Determine the minimum number of moves needed to make some table column consist only of numbers 1.
Input
The first line contains two space-separated integers: n (1 ≤ n ≤ 100) — the number of rows in the table and m (1 ≤ m ≤ 104) — the number of columns in the table. Then n lines follow, each of them contains m characters "0" or "1": the j-th character of the i-th line describes the contents of the cell in the i-th row and in the j-th column of the table.
It is guaranteed that the description of the table contains no other characters besides "0" and "1".
Output
Print a single number: the minimum number of moves needed to get only numbers 1 in some column of the table. If this is impossible, print -1.
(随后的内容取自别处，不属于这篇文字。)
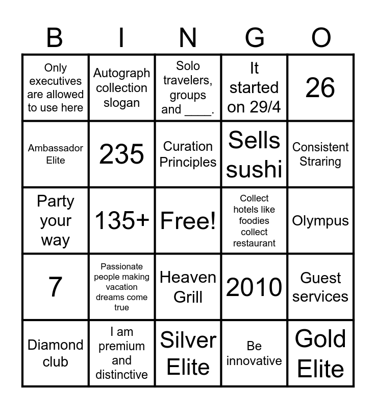 This bingo card has a free space and 24 words: Diamond club, Passionate people making vacation dreams come true, Curation Principles, Be innovative, 26, Only executives are allowed to use here, Autograph collection slogan, Solo travelers, groups and ____., Collect hotels like foodies collect restaurant, Olympus, Party your way, 235, 2010, Guest services, Ambassador Elite, I am premium and distinctive, Silver Elite, It started on 29/4, Consistent Straring, 7, 135+, Heaven Grill, Sells sushi and Gold Elite.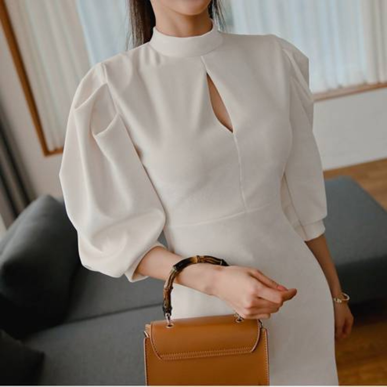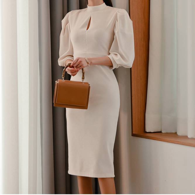 ホワイト ワンピース レディース ミディ丈 タイトワンピース パフスリーブ 長袖 ハイネック 上品 エレガント シンプル きれいめ 韓国ファッション 春 秋 冬 オフィス 通勤 デート お呼ばれ 二次会 パーティードレス 高級感 清楚 美シルエット 着痩せ 人気 トレンド C-OSS0201
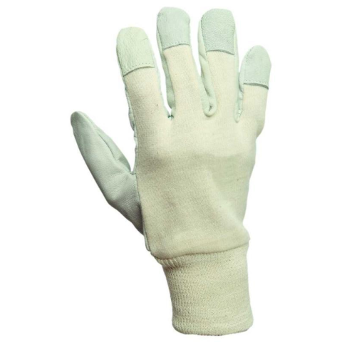 Színbáránybőr tenyerű és pamutszövet kézhátú kesztyű átfedett ujjhegyekkel és kötött mandzsettával.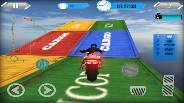 你准备好驾驶你的摩托车通过天空的道路吗?你有勇气执行不可能的任务和特技,同时在天空的道路上狂奔着?特技赛的完美技能?如果是的话,那就是一个完美的赛车游戏。如果你喜欢骑自行车和特技,那么你需要马上玩游戏!不可能的轨道自行车特技比赛:云驾驶让您有机会在不可能的轨道上大怒驾驶。执行不可能的特技,炫耀你的技能世界。小心你的愤怒的驾驶,否则你会跌倒在下面的海洋。 五个冒险的水平,几乎困难的轨道作为天空的道路,如果你不够熟练,在这个自行车赛车游戏中表演和赢!清晰的水平,不断解锁一个新的和改进的电机循环!展示您执行的自行车特技,看到你可以完成不可能的任务。加入这个赛车游戏,并通过摩托车驾驶完成真正的特技。…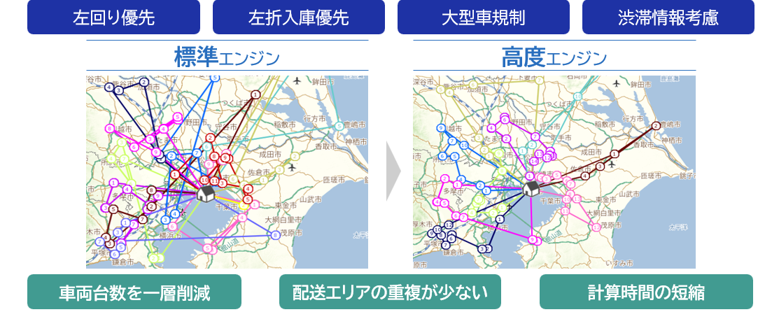 左回り優先、左折入庫優先、大型規制や渋滞情報などを踏まえた配車の提示を行う高度エンジンをオプションで提供します。
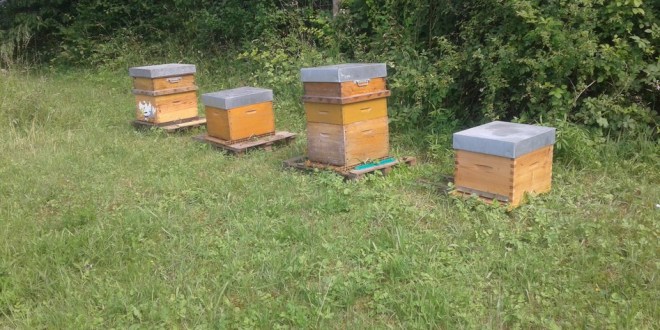 Il faut dire qu’elles n’ont pas trop de chemin à faire pour y arriver, depuis qu’un ami apiculteur a installé quatre premières ruches dans la prairie.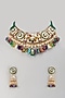 Gold Finish Kundan Polki & Multi-Colored Choker Necklace Set In Sterling Silver
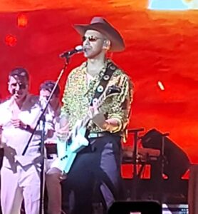 El espigado cantante lucio un pantalón oscuro y un saco blanco portando una texana y haciéndose acompañar por una decena de músicos mientras portaba su guitarra.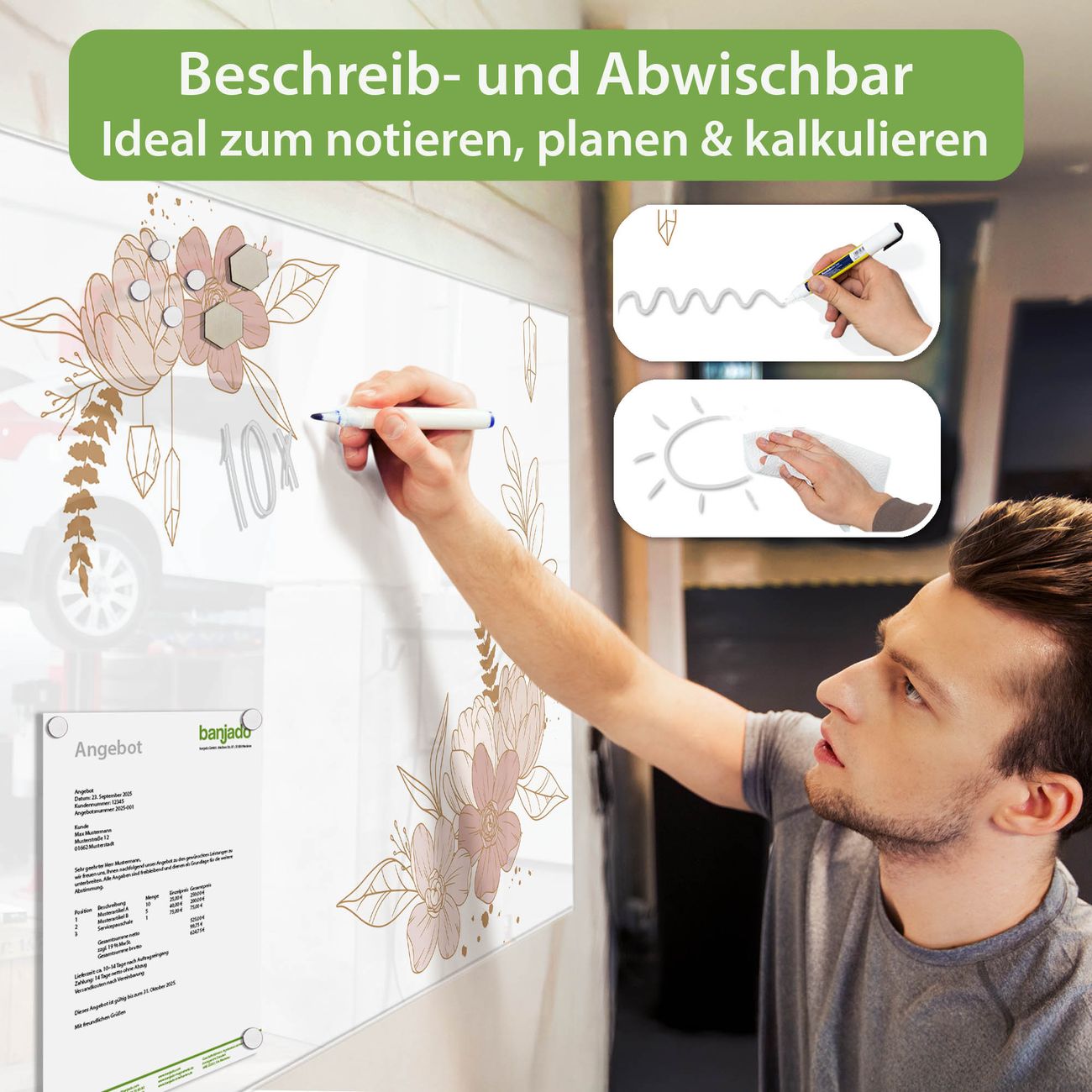 Die banjado Glas Magnettafel mit dem Motiv Motiv Floraler Kranz verbindet Funktionalität mit Stil. Sie ersetzt das Zettelchaos durch klare Strukturen und bringt dabei eine warme, natürliche Atmosphäre in Ihr Zuhause. Ob im Büro, in der Küche oder im Eingangsbereich - dieses Design-Board zieht Blicke an und sorgt für Ordnung mit Charakter.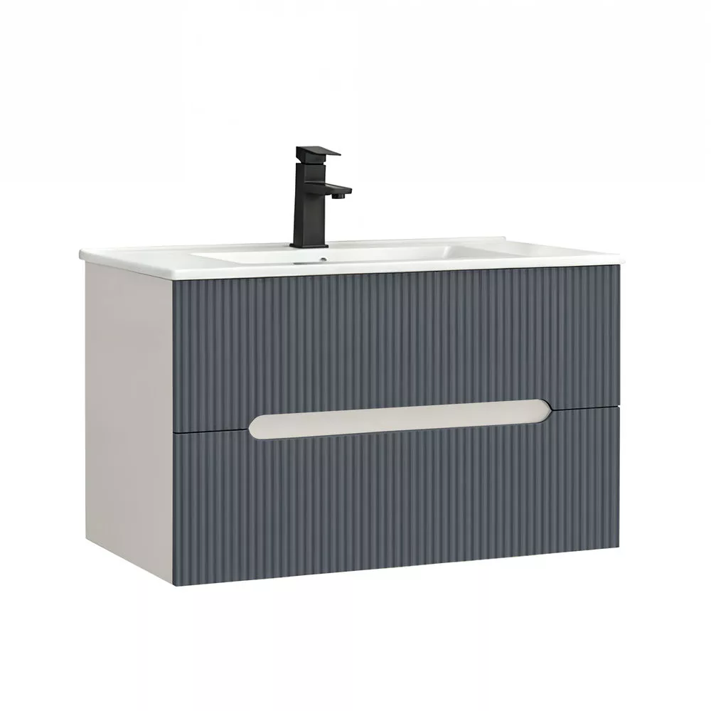 Leziter Trent Fürdőszobabútor 80 cm kerámia mosdóval (2 fiókos) Fehér - Antracit szürke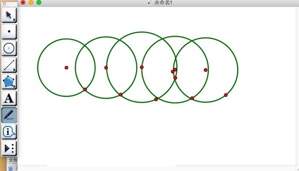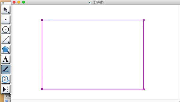 工具栏依次是选择工具(实现选择,及对象的平移、旋转、缩放功能)、画点工具、画线工具、画圆工具、文本工具和对象信息工具。在选择工具和画线工具按钮上按住鼠标左键停留片刻,会弹出更多的类型工具;选择对象的方法可以选择点按、按Shift点按或拖动等方式选中对象。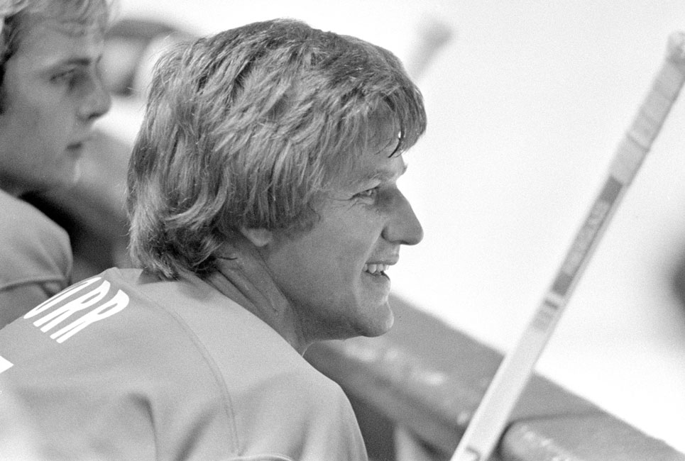 Bobby Orr (4) of Team Canada looks on from the bench during practice for the Canada Cup series at the Montreal Forum in September of 1976. (Denis Brodeur/NHLI via Getty Images)
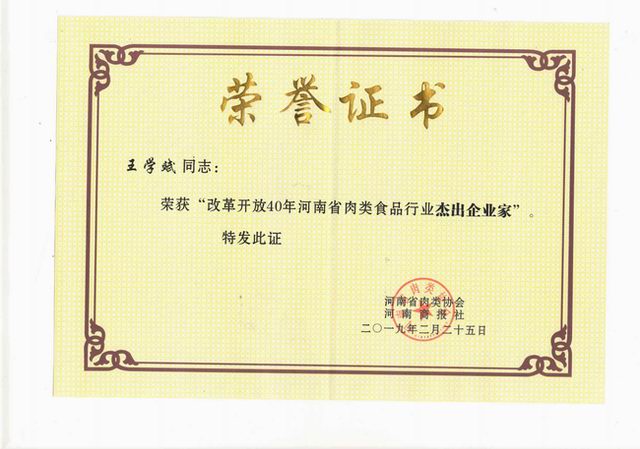 榮譽(yù)‖洛陽正大獲評改革開放40年河南肉類食品行業(yè)強(qiáng)勢企業(yè)、王學(xué)斌***總裁榮獲改革開放40年河南肉類食品行業(yè)杰出企業(yè)家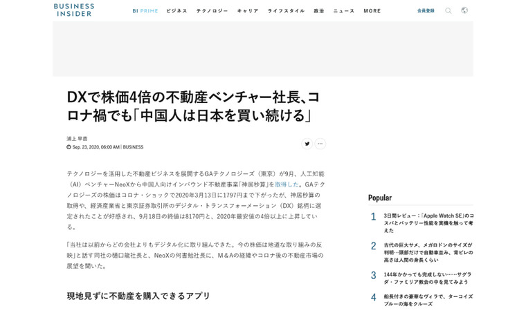 BUSINESS INSIDER|『DXで株価4倍の不動産ベンチャー社長、コロナ禍でも「中国人は日本を買い続ける」』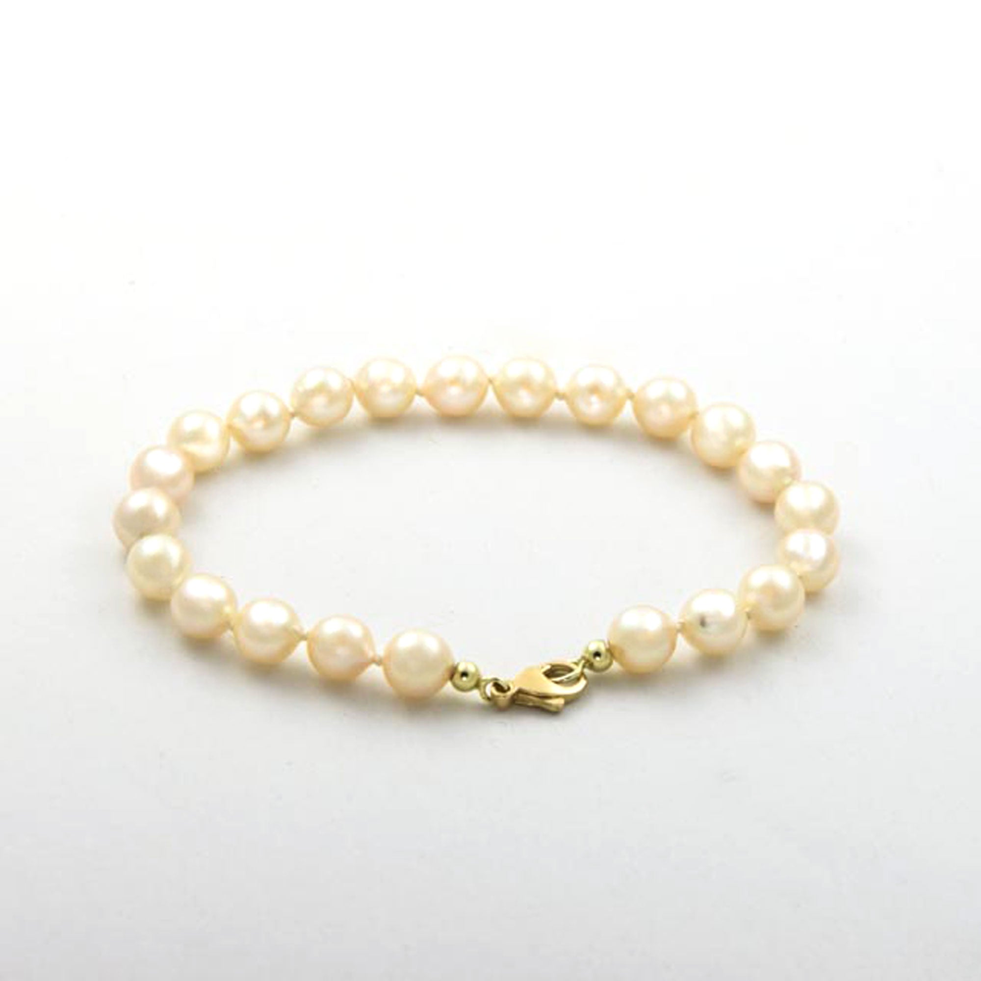 Bei dem Schmuckstück handelt es sich um ein Zuchtperlenarmband mit Schließe aus 585 Gelbgold. Das Schmuckstück hat eine Gesamtlänge von 20,5 cm.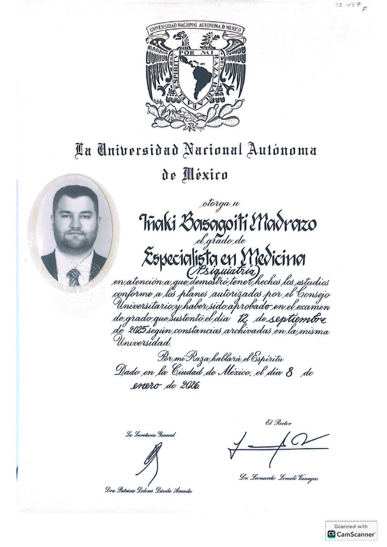 Soy médico titulado con formación clínica en el Instituto Nacional de Psiquiatría, con formación adicional en terapia cognitivo-conductual y una Maestría en Neuropsicología Clínica por la Universidad Internacional de Valencia enfocado en salud mental.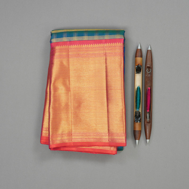 Step into the luxurious drape of this Mayilkazhuthu Vintage Kanjivaram Silk Saree, framed by a charming Rose Pink Border. The entire body shimmers with all-over Jari Checks, and the high-impact big zari pet border completes the regal look.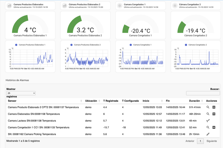 En este panel podrá observar cada uno de los registradores, tanto en tiempo real como el histórico de las últimas 24 horas (este periodo es configurable para cada sonda).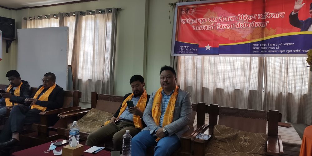 बैशाख ५, काठमाडौै । राष्ट्रिय युवा संघ काठमाडौं जिल्ला विशेष बैठक चन्द्रागिरि नगरपालिकामा रहेको खुसिखुसि रिसोर्टमा सम्पन्न भएको छ । नेपाल कम्युनिष्ट पाटी एमालेका केन्द्रीय कमिटी सदस्य तथा काठमाडौं जिल्ला अध्यक्ष कृष्ण राईको प्रमुख आतिथ्यतामा बैठक सम्पन्न भएको हो ।
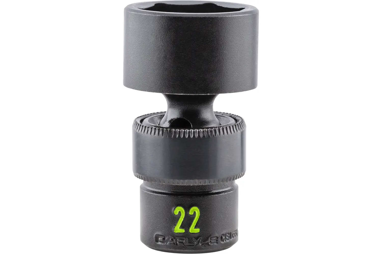 The Carlyle 3/8 in. Drive Universal Joint Impact Socket - Metric is a reliable tool for hard-to-reach areas. Crafted from chrome molybdenum alloy steel, it offers durability and precision. The radius corner design reduces wear, while chamfered openings allow for quick fastening. Finished with polished chrome, this socket is a practical choice for mechanics.

每一行都可以将其循环移位一下,问最少移位多少下,能够使得某一列都是1.
题目思路:既然放到了二分搜索的题目里,就要考虑用二分的思想来考虑这个问题,
首先,如果有一行全是 0,那么直接输出 -1即可
对于每列计算把每一行中与此列最近的1移到此列的距离之和,然后取得最小值。然后可以去枚举每行两个 1 之间的位置到两个 1 的最小距离,然后将每列上的结果相加,取每列中的最小值
int n,m,t;
int i,j,k;
int cnt;
char ch[100+5][idata];
int pos[idata],dis[idata];
int main()
{
cin.tie(0);
iostream::sync_with_stdio(false);
while(cin>>n>>m)
{
for(i=1;i<=n;i++){
int f1=0;
for(j=1;j<=m;j++){
cin>>ch[i][j];
if(ch[i][j]=='1'){
f1=1;
}
}
if(f1==0){
puts("-1");
return 0;
}
}
for(i=1;i<=n;i++){
ms(pos,0),cnt=0;
for(j=1;j<=m;j++){
if(ch[i][j]=='1'){
pos[++cnt]=j;
}
}
pos[++cnt]=pos[1]+m;
for(j=1;j<cnt;j++){
int mid=(pos[j]+pos[j+1])/2;
for(k=pos[j];k<=pos[j+1];k++){
if(k<=mid){
dis[k%m]+=k-pos[j];
}
else{
dis[k%m]+=pos[j+1]-k;
}
}
}
}
int minn=0x7f7f7f7f;
for(i=0;i<m;i++){
minn=min(minn,dis[i]);
}
cout<<minn<<endl;
}
return 0;
}
这几天做CF上的题越来越吃力了,题目有思路,但总是在细节上出岔子,一道题卡一个小时很正常,最近状态十分不嘉,晚上做题,想一会儿就感觉很累,emmmm,再努把力试试吧。